Esther S. Axelrod Bullitt, Ph.D.

Some Details of Bacterial Adhesion Research

Escherichia coli (E. coli) cause 70-95% of community-acquired UTIs and about 50% of hospital-acquired infections. The presence of surface filaments, called bacterial adhesion pili, are necessary for binding to the host uroepithelial cells. In particular, P pili are necessary for E. coli that cause UTIs involving the kidneys (pyelonephritis), and Type 1 pili are necessary for bladder infections due to cystitis-causing E. coli. A three-dimensional helical reconstruction of P pili (right) reveals a filament with 3.28 subunits per turn of the helix, and a rise of 7.58A per subunit. The filament is 68A in diameter and ~1um in length. It has an ellipsoidal central cavity 25Ax15A that winds about the helical axis, and connects with radial holes that extend to the surface of the pili.
Isolated pili are often damaged (image below), though sometimes these structures remain tethered to intact segments of pilus. As long as the pilus remains intact, albeit damaged, it can serve its only function: it can maintain attachment between the bacterium and its host cell. Our current model for P pili (bottom of this webpage) is a structure that can overextend its helix by a factor of five to withstand the shear forces present in its native environment, the human urinary tract.

3D Helical Reconstruction

The helical reconstruction computer programs are based on programs originally developed at the Medical Research Council Laboratory for Molecular Biology, Cambridge, England (DeRosier and Moore, 1970 ; Amos, 1975 ). Briefly, the helical reconstruction procedure includes:

• filament selection; relatively straight, low background, not overlapping other pili

• straightening with a cubic splinefit -compute Fast Fourier transform

• collect data along the layerlines defined by the helical symmetry

• locate phase origin, out-of-plane tilt, and polarity of the filaments

• average data from all filaments; use an amplitude-weighted phase residual for fitting

• compute Fourier-Bessel transform of each F(R,0,l/c)exp(+/-inp/2) and expand to compute the density at all points in three dimensions

• view the results as surface structures and cross-sections of the helical axis

As more bacteria become resistant to antibiotics, it is essential to find novel approaches for prevention and treatment of infection. Understanding the structure of adhesion pili provides information needed for discovering ways to prevent the binding of these pathogens, or to remove bound bacteria.
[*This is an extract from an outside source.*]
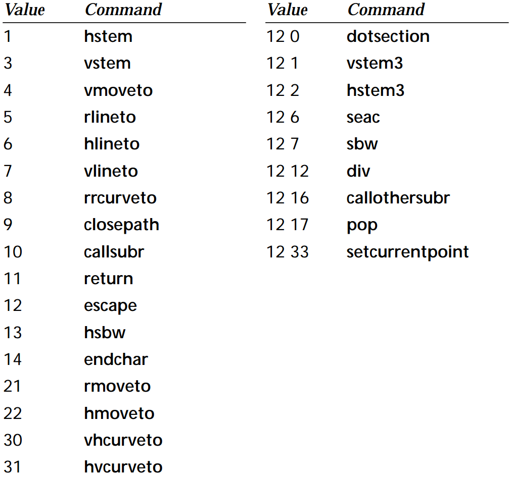 Figure 5. Currently documented Charstring commands (source: Adobe Type 1 Font Format, Adobe Systems Inc.)
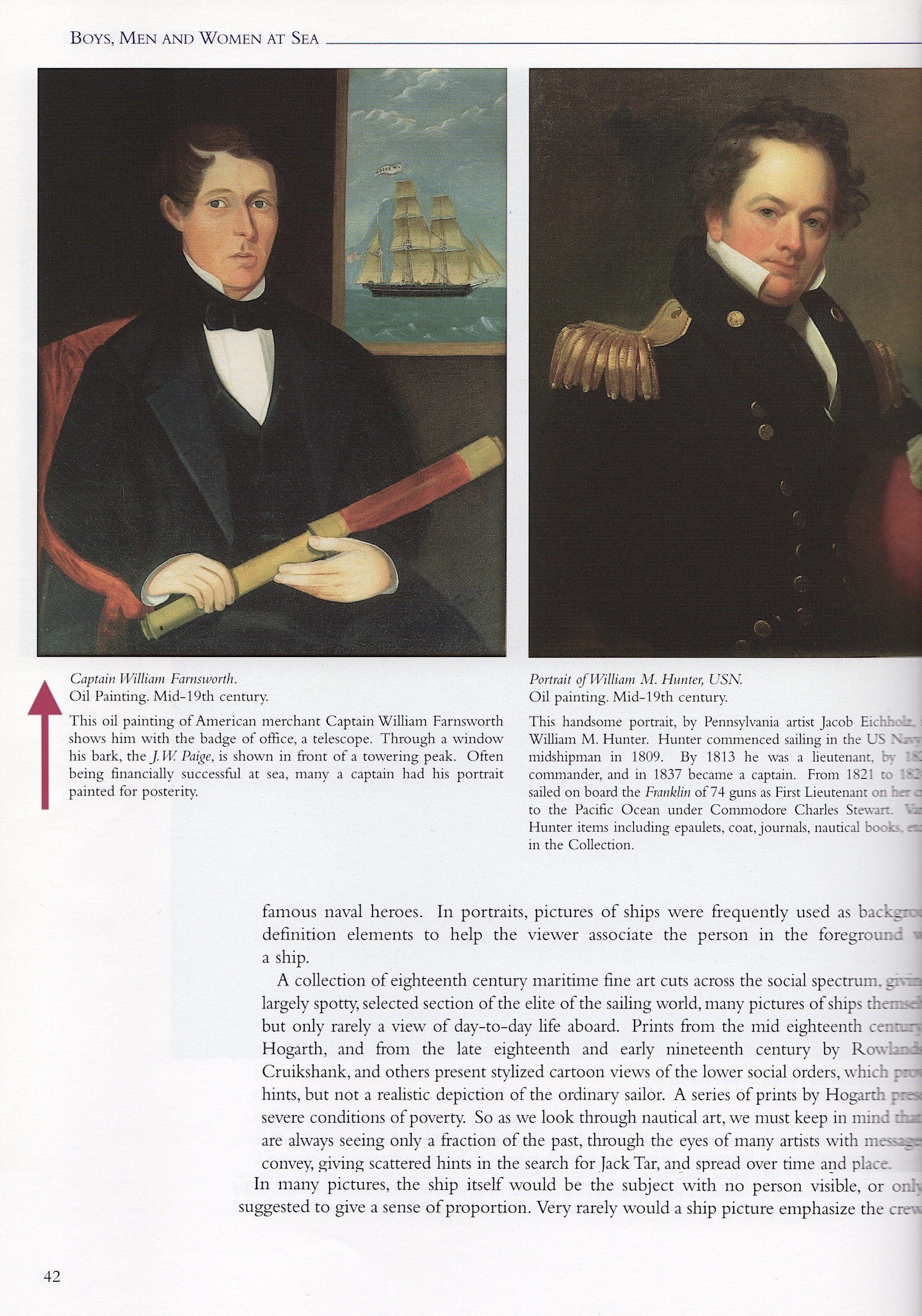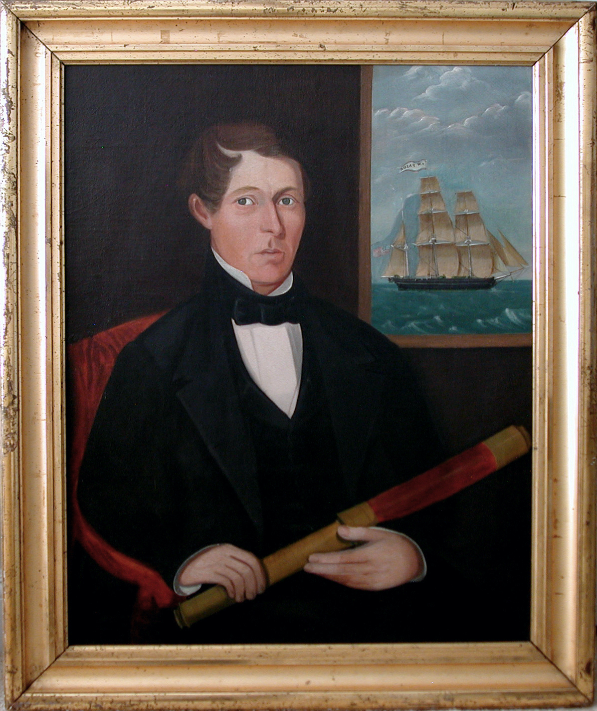 LARGE PORTRAIT OF A 19TH CENTURY AMERICAN SEA CAPTAIN. Very desirable image that shows the young captain holding his wood barrel spyglass with a portrait of his vessel in the background. The vessel flies an American flag and a banner with the name of the bark "J.W. Paige". Oil on canvas. 36" x 29" plus a 4" wide antique, lemon gold, frame. Condition lined and excellent. Identified as Captain William Farnsworth of Rockland, Maine. Attributed to the Baltimore artist William Hare(1815-1865). From the collection of J. Wells Henderson and illustrated on page 42 in his book "Marine Art & Antiques JACK TAR A Sailor's Life 1750-1910". Portraits of captains that depict him with his telescope plus a view of an identified American flag flying vessel are quite rare. Overall a most impressive example of its type.

Amos, L.A. (1975). Combination of data from helical particles: correlation and selection. J. Mol. Biol. 99:65-73.

Bullitt, E. and L. Makowski (1998). Bacterial adhesion pili are heterologous assemblies of similar subunits.
Biophys J 74(1):623-32.

Bullitt, E., C.H. Jones, R. Striker, G. Soto, F. Jacob-Dubuisson, J. Pinkner, M.J. Wick, L. Makowski, and S.J. Hultgren (1996). Development of pilus organelle subassemblies in vitro depends on chaperone uncapping of a beta zipper. Proc Natl Acad Sci USA 93(23):12890-5.

Bullitt, E. and L. Makowski (1995). Structural polymorphism of bacterial adhesion pili. Nature 373:164-167.

DeRosier, D.J. and P.B. Moore. (1970). Reconstruction of three-dimensional images from electron micrographs of structures with helical symmetry. J. Mol. Biol. 52:355-369.

Mu XQ, E.H. Egelman, E. Bullitt. (2002). Structure and Function of Hib Pili from Haemophilus influenzae Type b.
J Bacteriol. 184(17):4868-4874

St. Geme, J.W., J.S. Pinkner 3rd, G.P. Krasan, J. Heuser, E. Bullitt, A.L. Smith, and S.J. Hultgren (1996). Haemophilus influenzae pili are composite structures assembled via the HifB chaperone. Proc Natl Acad Sci USA 93(21):11913-8.